- Born: November 30, 1987 (age 38) Toronto, Canada
- Occupations: Writer; slam poet;
- Writing career
- Language: English
- Genre: Poetry
- Subjects: Mental health; family; love;
- Notable work: Explaining My Depression To My Mother

= Sabrina Benaim =

Canadian poet

Sabrina Benaim (born November 30, 1987, in Toronto, Canada) is a writer, performance artist, and slam poet. Benaim was a winner of the 2014 Toronto Poetry Slam. She is best known for her poem "Explaining My Depression To My Mother."

==Personal life==
Sabrina Benaim was born November 30, 1987, in Toronto, Canada. She was a member of Canadian championship-winning 2014 Toronto Poetry Slam Team. She is currently a coach of the 2016 Toronto Poetry Slam (TPS) team. At age 23, Benaim was found to have a benign tumor in her throat. She took to performance poetry as a way to cope with her health complications, and to raise awareness for issues like anxiety and depression.
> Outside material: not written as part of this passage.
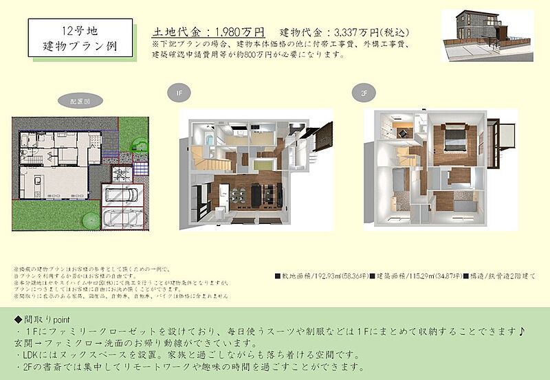 | 建物面積 | - | 土地面積 | 170.80m2(52.27坪)~192.93m2(58.36坪) |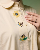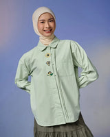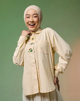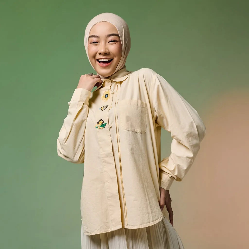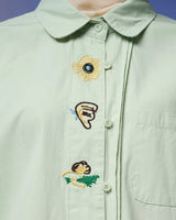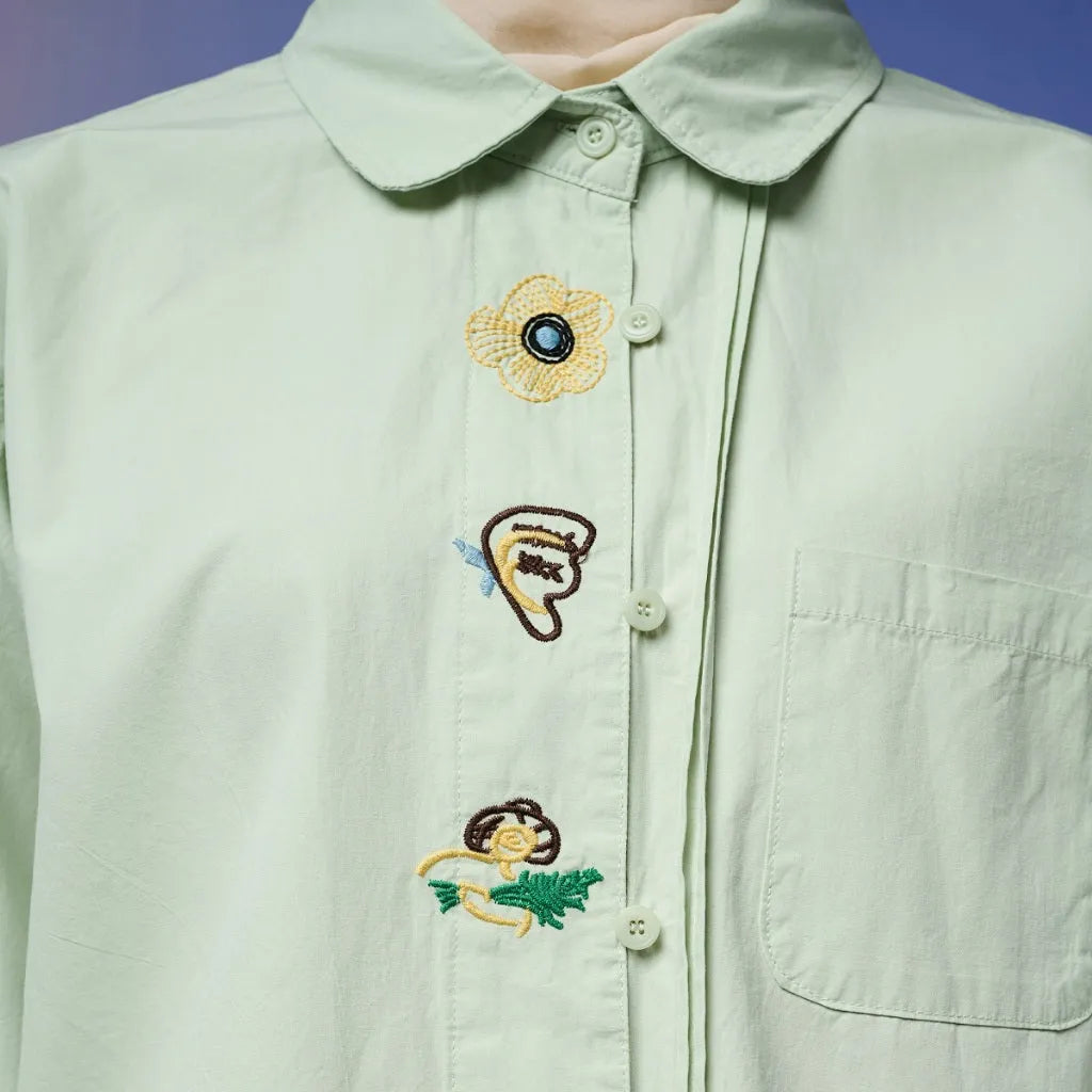 Kemeja ini hadir dengan detail bordir yang memadukan kesan cute dan edgy, menciptakan tampilan playful namun tetap berkarakter. Bordir halus pada bagian depan maupun lengan memberikan sentuhan manis yang tidak berlebihan, sehingga mudah dipadukan untuk berbagai gaya.

She also represented Toronto at the Women Of The World Poetry Slam.

== Career ==
She took off on social media through her poem "Explaining My Depression To My Mother." From there she did a tour of The UK, Australia, US & Canada connecting with many of her fans through her poetry, books, and storytelling which furthered the take off of her career. Her poetry tackles issues that are relevant in our society like mental health, family, and love. Benaim has written poetry for ESPNW, the Government of Canada, and she made her television debut on Sport Chek. Benaim is well known for performing on the Button Poetry YouTube series.

== Works ==
=== Poems ===
- Explaining My Depression To My Mother (Genius)
- June (Button poetry)
- What I Told the Doctor (Genius)
- Hurdles/Dreams (Button Poetry)
- What I Told the Doctor the Second Time (Button Poetry)
- So, I'm Talking to My Depression (Button Poetry)
- The Slow Now (Button Poetry)
- The Loneliest Sweet Potato (Button Poetry)

=== Books ===
- Depression and Other Magic Tricks (2017)  ISBN 9781943735204
- I Love You, Call Me Back (2021) ISBN 9780593185872

== Awards ==
- Nominated for Goodreads Best Poetry 2017 Choice Awards.